Introduction
Current Guideline
Atrial Fibrillation (AF) and Heart Failure (HF) are associated with similar risk factors and are often present concomitantly1, 2. AF is a potent risk factor for adverse clinical outcomes in patients with heart failure with preserved ejection fraction (HFpEF) or heart failure with reduced ejection fraction (HFrEF)3. However, there are no specific recommendations for AF patients with HF in the current ACCF/AHA and ESC guidelines (Figure 1)4, 5. The main recommended goals of therapy for AF patients with HF continues to focus on the prevention of thromboembolism and symptom relief. Per the guidelines, rate control and rhythm control are considered at par in patients with HF who develop AF, as rhythm control therapy has not been shown to be superior to a rate control therapy6. As a result, catheter ablation is still considered as a second line therapy. On the other hand, for patients who develop HF following AF, per the guidelines an aggressive rhythm control strategy should be considered. This is because patients who have newly developed HF in the presence of AF with rapid ventricular response the likely cause is tachycardia-induced cardiomyopathy.
Figure 1.
Current Guideline flowchart for Management of AF Patients with HFAF = atrial fibrillation; HF = heart failure; HFrEF = heart failure with reduced ejection fraction; HFpEF = heart failure with preserved ejection fraction; ACC = American College of Cardiology; AHA = American Heart Association; ESC = European Society of Cardiology. Data from January CT, Wann LS, Alpert JS, Calkins H, Cigarroa JE, Cleveland JC, Jr., Conti JB, Ellinor PT, Ezekowitz MD, Field ME, Murray KT, Sacco RL, Stevenson WG, Tchou PJ, Tracy CM, Yancy CW, Members AATF: 2014 AHA/ACC/HRS guideline for the management of patients with atrial fibrillation: a report of the American College of Cardiology/American Heart Association Task Force on practice guidelines and the Heart Rhythm Society. Circulation 2014; 130:e199–267 and Kirchhof P, Benussi S, Kotecha D, Ahlsson A, Atar D, Casadei B, Castella M, Diener HC, Heidbuchel H, Hendriks J, Hindricks G, Manolis AS, Oldgren J, Popescu BA, Schotten U, Van Putte B, Vardas P: 2016 ESC Guidelines for the management of atrial fibrillation developed in collaboration with EACTS. Eur Heart J 2016; 37:2893–2962.
Role of Imaging modality
Cardiac imaging modalities plays an important role in the diagnosis of underlying structural heart disease, if any, that may cause heart failure and aid in guiding treatment of AF patients. The use of a particular imaging modality should be based on the information being sought after from a clinical decision making perspective. The use of the different imaging modalities for an AF and HF perspective are briefly outlined below:
Echocardiography
Among the different imaging modalities, echocardiography is the most commonly used and a very useful tool in patients with suspected HF, in terms of availability, safety and cost7. Especially, transthoracic echocardiography (TTE) is the most common tool used in the assessment of cardiac systolic and diastolic function as well as chamber sizes of both the atria and the ventricles8. Transesophageal echocardiography is not routinely used to assess HF but it can be a valuable tool in patients with valvular heart disease, congenital heart disease, and suspected intracardiac thrombi in AF patients requiring cardioversion or catheter ablation.
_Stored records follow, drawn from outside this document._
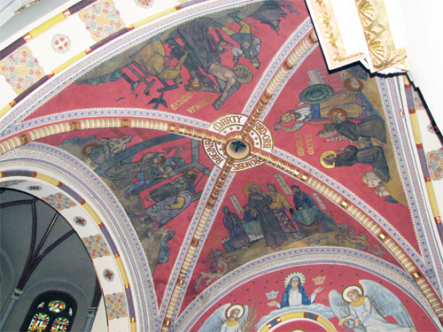 Chapel of the Martyrs, Basilica in Katowice Panewniki, Poland.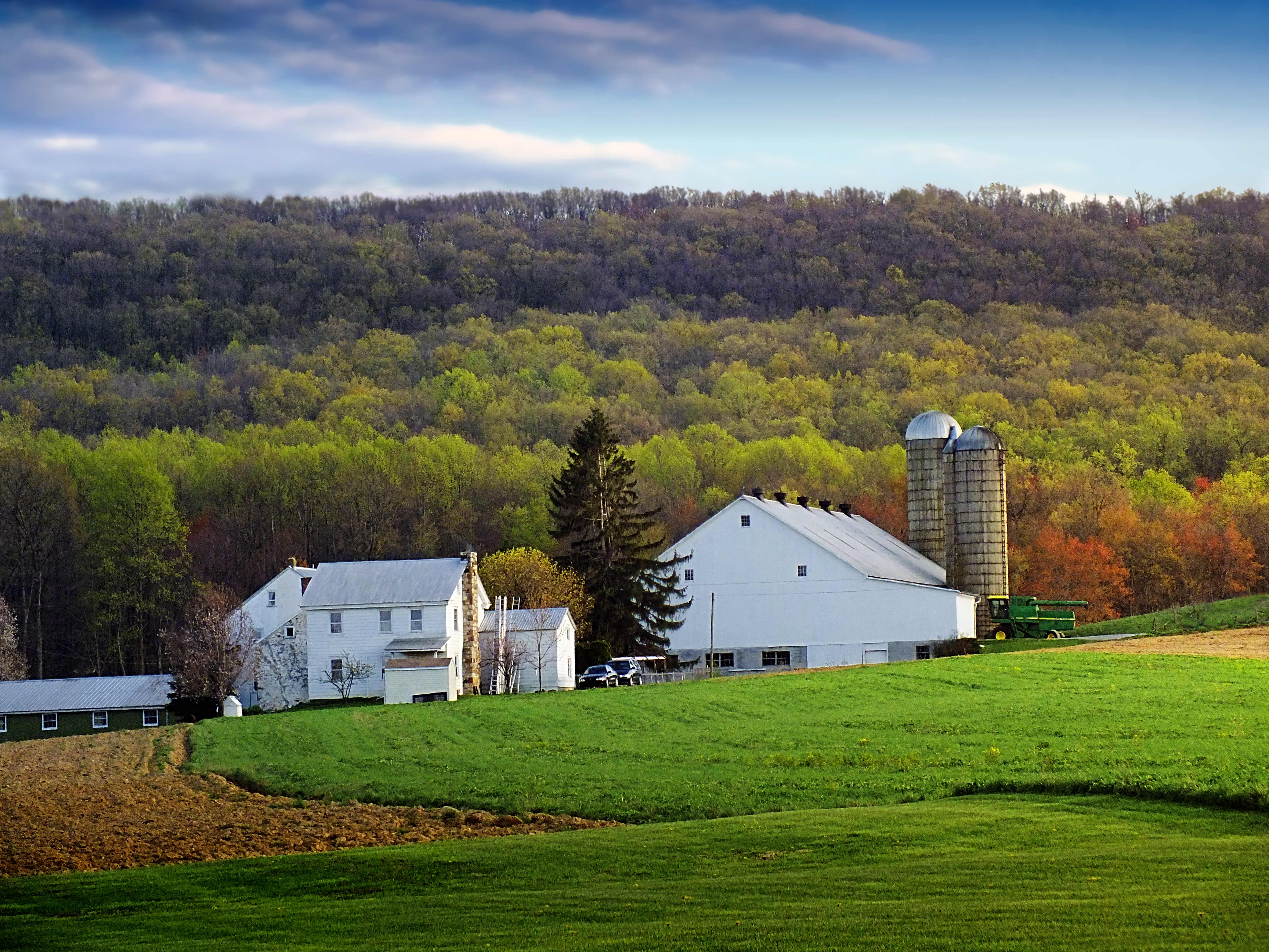 Farmstead, East Earl Township, Lancaster County.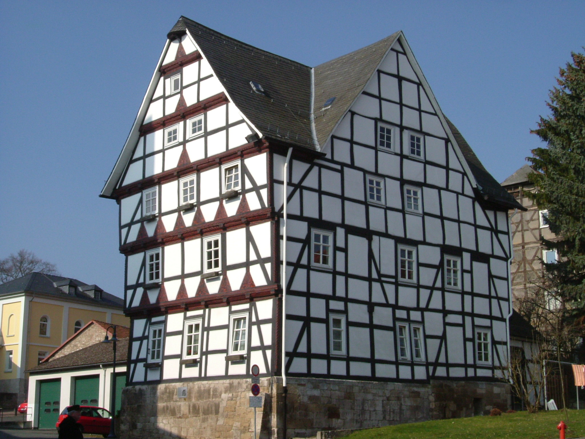 Korbach, Germany. Old house. Author: Peter Kaboldy, 03.2007.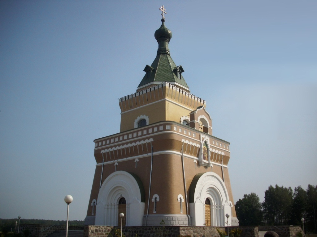 The memorial chapel built in 1912 in the village of Lesnaya Slavgorod district, Mogilev region, in honor of the 200th anniversary of the victory of Russian troops over the Swedes in the Battle of Lesnaya in 1708, one of the major battles of the Great Northern War.

Cardiac computed tomography
Cardiac computed tomography (CT) in patients with HF is mainly used as a non-invasive way to visualize the coronary anatomy and its severity to exclude the diagnosis of coronary artery disease. Moreover, perfusion CT may have a potential to distinguish abnormal voltage areas from normal tissue9. The high spatial resolution does provide a detailed cardiac structure and four dimensional CT can provide left atrial (LA) fractional change and LA-EF that are well correlated with CMR (Figure 2). It is less invasive than coronary angiography but higher level of X-ray exposure is an issue but that seems to be getting better with improvement in technology10. Also, the iodinated contrast medium may induce acute kidney injury so one has to be careful when using this on a routine basis11, 12.
Figure 2.
Example of abnormal intracardiac structure and four-dimentional CT imaging (A) Pseudo-Diverticulum locate in LA anterior wall (yellow arrow). (B) Low attenuation zone suspected LA thrombus is detected in LAA. (C) Right panel shows four-dimensional CT imaging with the ability to the LA function accurately. The two snap shots show the LA in diastole and systole. CT = computed tomography, LA = left atrium, LAA = left atrial appendage, RSPV = right superior pulmonary vein
Cardiac magnetic resonance imaging
Cardiac magnetic resonance imaging (CMR) is well known as the gold standard for the measurements of volume, muscle mass, and ejection fraction. Moreover, CMR is unique in being the imaging modality that can assess myocardial fibrosis and scar using late gadolinium enhancement (LGE). Quantitative T1 mapping has also been used to assess the extracellular volume using CMR. CMR is also useful in establishing HF etiology and to distinguish between ischemic versus non-ischemic cardiomyopathy13, 14. In addition, CMR may be able to predict the tachycardia-induced cardiomyopathy by estimating RV disfunction15. The limited availability of CMR, the higher expertise required for some of these assessments and cost are some of the limitations preventing broader use of CMR in these situations. In addition, there are other limitations like patients with metallic implants, claustrophobia, and severe chronic kidney disease that are not good candidates.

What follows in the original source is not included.